Now, there's nothing wrong with an animal being human-like. If a talking wolf has become revered by humans, accepted into their society, and (most importantly) fed, then that wolf may lose its animal instincts and become part of human society. Even so, it should retain some of its old characteristics. If it gets injured badly enough or doesn't get fed, it would probably revert back to its old ways.
Sometimes, talking animals (especially if they're some kind of companion to the hero) are used to pound in a poorly-constructed and blatant message about environmentalism or "acceptance". Fine. I can live with that. But, on the topic of acceptance, talking animals in fantasy seem to fall into the trap of charismatic megafauna. The gift of speech only seems to be granted to "majestic" or "cute" animals, like wolves, bears, birds of prey, snakes (very rarely, and most of the time they're evil), horses, songbirds, dogs, and cats.
Why not less glamorous animals? I don't think I've ever seen a talking dung beetle, or a talking wild boar. Heck, there are a lot of interesting animals out there, but not many of them are ever given page-time, or a speaking role.
1. Shrikes. These guys are the Ozzy Osbournes of songbirds. They don't just kill and eat insects, smaller birds, and small mammals. They impale them on thorns and come back later when they're hungry. Imagine how telepathic conversations with those would unfold.
Generic Fantasy Hero: I'm not sure how to do this. I love Kassandra, but I think that she might be falling for that jerk Hardin.
Shrike: Just kill him.
Generic Fantasy Hero: What?
Shrike: You heard me, moron. Just slit his throat in his sleep. That or shove a spear through his body and leave it there for a few days. I see no problem with that.
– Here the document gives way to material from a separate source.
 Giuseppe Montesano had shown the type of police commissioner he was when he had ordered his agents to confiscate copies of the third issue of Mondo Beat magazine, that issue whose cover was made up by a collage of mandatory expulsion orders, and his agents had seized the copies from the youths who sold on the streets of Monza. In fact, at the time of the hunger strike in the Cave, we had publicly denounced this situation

2. Ants. An ant could rally an army better than any king or general. Ants will fight to the death for the sake of their hill. They could inspire people to rebuild after a disaster or siege, since they, you know, do it all the time.
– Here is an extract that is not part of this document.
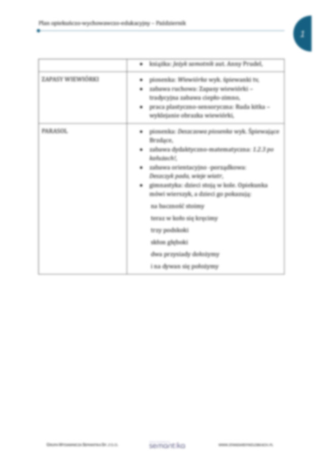 Propozycje aktywności na dany miesiąc w podziale tematycznym oraz rozbudowanej formie, wskazując cele, formy dydaktyczne i metodykę pracy.

3. Leeches/maggots. A group of leeches or maggots could be much more useful than an adorable kitty cat in case of injury. Maggots could be useful for other purposes too. Look at this situation.
The hero is a retainer for the prestigious King Phalox of Argentia, who is attending a feast at the palace of another equally powerful king. The retainer knows that the other king intends to take over Argentia and kill King Phalox, but Phalox trusts the other king wholeheartedly. As the main course, an enormous roast cow, is revealed, the hero sends his maggot friends to burrow into King Phalox's steak, and... I think it would be easy to tell what happens next.
Can you do that with a wolf or a falcon? Heck no.